One thing that I realize towards the end of the year is that I was in constant anger. That is not good. Not good as a person, not good as consultant. It affects your thinking, your relations, and your effectiveness. It has happened before, once, where I was in a similar situation (of course, probably the whole pandemic and the lockdowns did have a magnifying effect). That time I did take a decision that calmed me down. But didn’t do it consciously. I only realized the correlation after the fact. This time around I took the decision consciously and I can say that there is a causation (ok, no statistician will agree on causation with two data points). I am back to being a chill person. I like that.
So, as I have said not long ago: Know Thyself
How important is being right? How important is to indicate that you are right? In which context are you working? By the end of December I realized that my whole approach was incorrect. I try to think logically, be rational; I like to revision my positions as more data comes into place; and then I express my convictions and try to get people to take decisions based on them. I’ve been told before that I am a bit too direct (which is true but also funny, as compared to before I moved to the UK, as a Spaniard, I am not as blunt as I a was). But sometimes (most of the time?), pushing forcefully for what I think is right (and, this is important, sometimes I am not) is not helpful. I will talk more about this in my next post, due to a book that I am finishing. So this section is just a teaser.
Somehow, by the end of the year I though I had not done as much writing as I had done before. But the opposite is the actual truth. I have written more blog posts that at any point before. I am hoping this year I can double the amount that I write (in which case, I am already behind). I think the impression that I had done less is because I did not as much of what I did most during 2019, the podcast and the LSCC hosting.

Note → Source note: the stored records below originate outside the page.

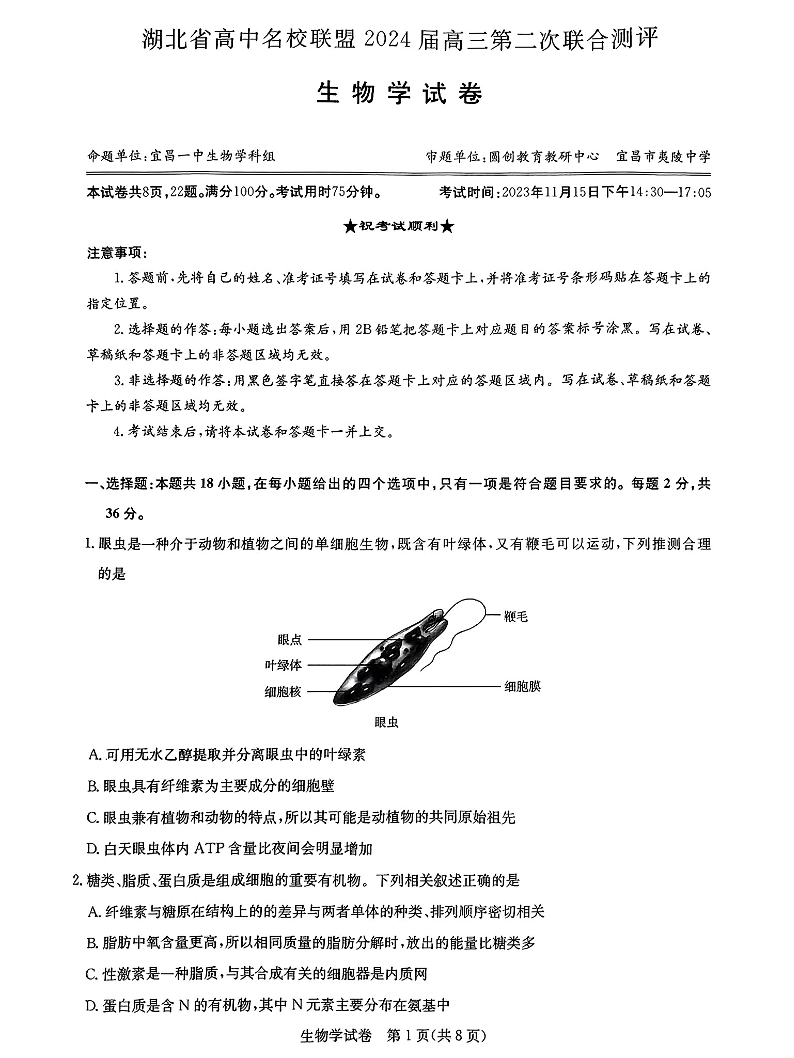 湖北省高中名校联盟2024届高三第二次联合测评 生物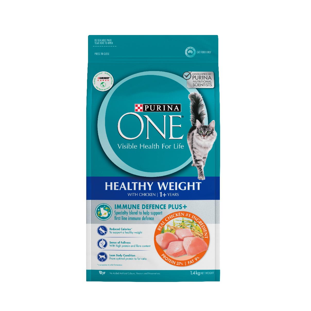 PURINA ONE® 貓乾糧成貓體重管理配方專門協助易胖體質的貓咪保持健康體格。配方同時含有維生素C 和E、奧美加3和6 以及β-葡聚醣,以協助您的貓由內到外擁有自然防禦。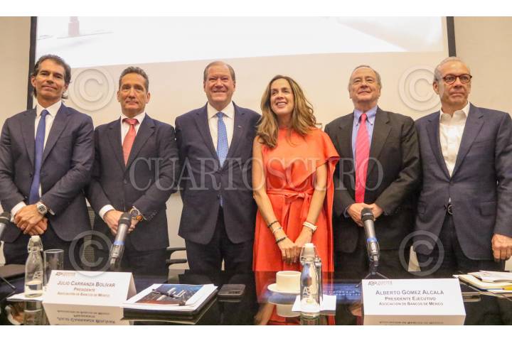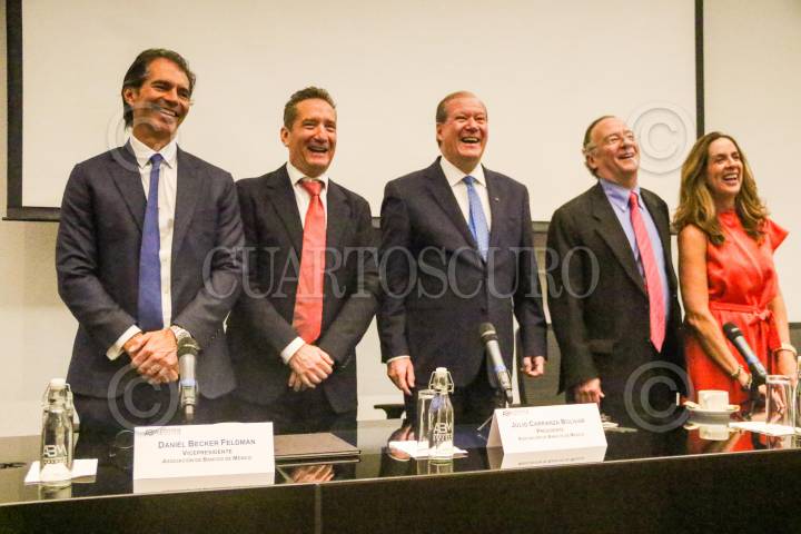 CIUDAD DE MÉXICO, 12JUNIO2024.- Raúl Martínez-Ostos Jaye, vicepresidente de la ABM; Alberto Gómez Alcalá, presidente ejecutivo de la Asociación de Bancos de México; Julio Carranza Bolívar, presidente de la Asociación de Bancos de México (ABM); Eduardo Osuna, vicepresidente de la ABM, y Fernando Solís Cámara, enlace legislativo de la ABM, ofrecieron una conferencia de prensa en la cual hablaron sobre la Reforma al Poder Judicial que ha propuesto el gobierno federal y aplaudieron la iniciativa de la Presidenta Electa, Claudia Sheinbaum, de abrir el análisis y el dialogo en torno a ellas a los diversos sectores. También señalaron que la actual volatilidad en el tipo de cambio del dólar se debe al período de transición, algo que consideraron de normal, pero que ellos ven a un México en calma y así lo indican los diversos anuncios de inversiones que se han dado recientemente. FOTO: MOISÉS PABLO/CUARTOSCURO.COM

From a Tech perspective, 2020 was an interesting year.
I spent the whole year working on AWS (this new year I have re-encountered Azure), using mostly Terraform (such a lovely system). Because of all that AWS work, I went for the Architect Associate certificate from AWS (just because, as I don’t think tech certificates tend to indicate the person has any kind of proficiency).
Somehow I managed to test the waters, for the first time, of the PHP sea. But because I was just tiptoeing into it, I did not have encounters with the worst parts of it. It mostly did what I wanted it to do, with the occasional head scratch. The language I used the most was Typescript, of which I am becoming less and less interested. Taking into account that I loved Turbo Pascal, Delphi and C#, it seems like a negative mark in my admiration of the work of Anders Heljsberg. And I was able, again to use Clojure, which is one of my favourite languages (well, my top three are all FP languages)
In terms of architecture I have seen both monoliths and microservices again. And my believe that a well designed monolith goes a very long way was reinforced (even when I saw a really good event driven microservices architecture being used successfully in production)
I think 2020 is a year that most people will prefer to forget. But it has lead to two discoveries for me that
could should will have an important effect in my future.